Jamie Dimon is still in charge of JPMorgan today, and shareholders likely wish he could reign as board chair and chief executive for another 100 years.

Microsoft Up Nine-Fold

Microsoft Corp. (NASDAQ: MSFT) was at a price of $15.28, or actually down at $11.96 on a dividend-adjusted basis on March 6, 2009. Its adjusted closing price of $11.85 was the close on March 9, 2009. Microsoft’s stock price was back up at $18 (unadjusted) by March 23 and had hit $21 by April 30. Using an adjusted $12 price at the lows compares to a current price of $110. The Microsoft of 2019 is way different than in 2009 with Windows and the Office suites now effectively moving to a SaaS model and with the company dominating the cloud.

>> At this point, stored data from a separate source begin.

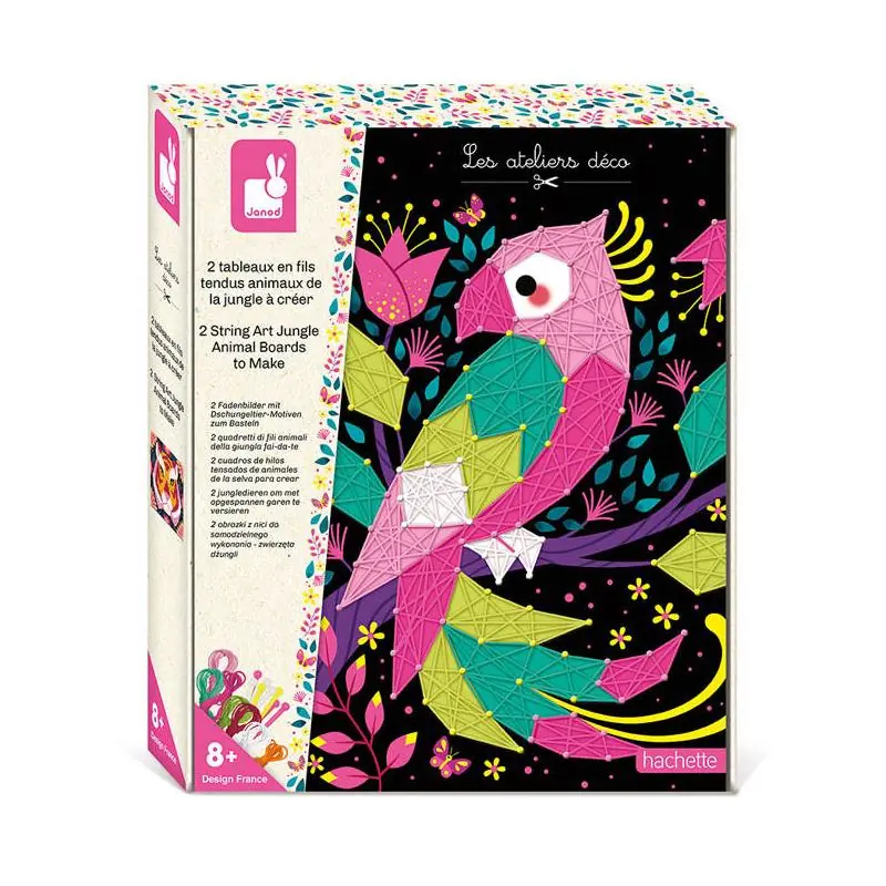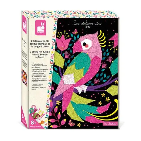 Zestaw kreatywny Przeplatanka 3D String Art – Zwierzęta dżungli marki Janod to wyjątkowa zabawa manualna dla dzieci od 8. roku życia, łącząca sztukę z nauką koncentracji. Za pomocą kolorowych nici dzieci tworzą efektowne, przestrzenne obrazy egzotycznych zwierząt: tygrysa,
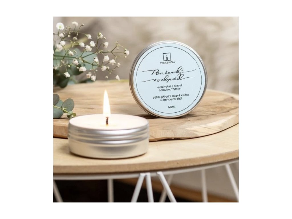 - Poketka Tvoje Svíčka (55 g) – malá vonná svíčka ze sójového vosku, která vydrží hořet cca 12 hodin.
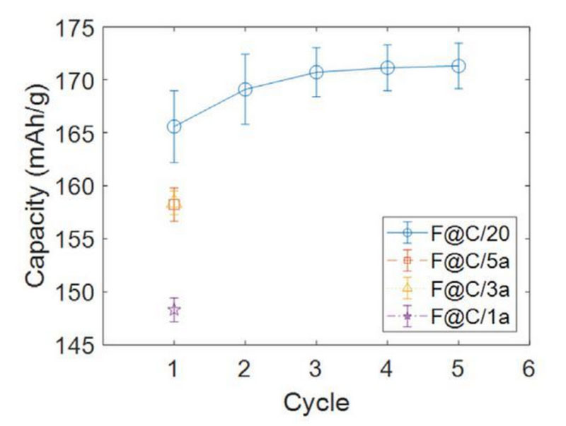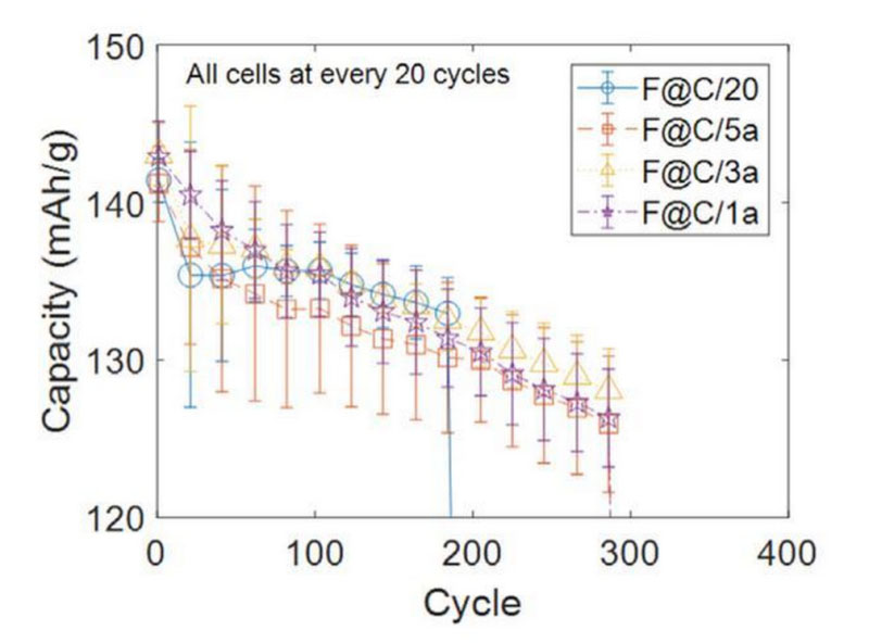 雖然不同的化成電流會導(dǎo)致不同的化成容量發(fā)揮,但是在循環(huán)過程中我們發(fā)現(xiàn)這些電池之間沒有明顯的差距,在1C/1C倍率下循環(huán)的幾種電池的容量發(fā)揮和循環(huán)穩(wěn)定性幾乎相同,表明不同電流下化成的電池,最終負極表面都形成了穩(wěn)定的SEI膜。因此作者認為采用上述的分段式快速化成制度能夠在化成過程中部分的形成SEI膜,然后在鋰離子電池使用的前幾次循環(huán)中最終完成穩(wěn)定SEI膜的構(gòu)建,從而在大幅壓縮化成時間、降低成本的同時還能夠獲得相近的循環(huán)壽命。

Netflix Up 62 Times the Bottom!

Netflix Inc. (NASDAQ: NFLX) is still the darling of the stock market to cord-cutters and investors alike. A decade later, Netflix still pays no dividend. Yet, its shares closed at $5.50 on March 9, 2009, and had recovered to $7 by April 13, 2009. But imagine what owning it then and holding for a decade would look like with close a $345 share price. It’s a gain of better than 62 times your money! What needs to be said about Netflix — other than that some analysts still question how profitable it can be in the future based on how much original content it keeps paying for?

Netflix soon will lose its Walt Disney content and faces more competition for streaming subscription services, both imminently and in the decade ahead.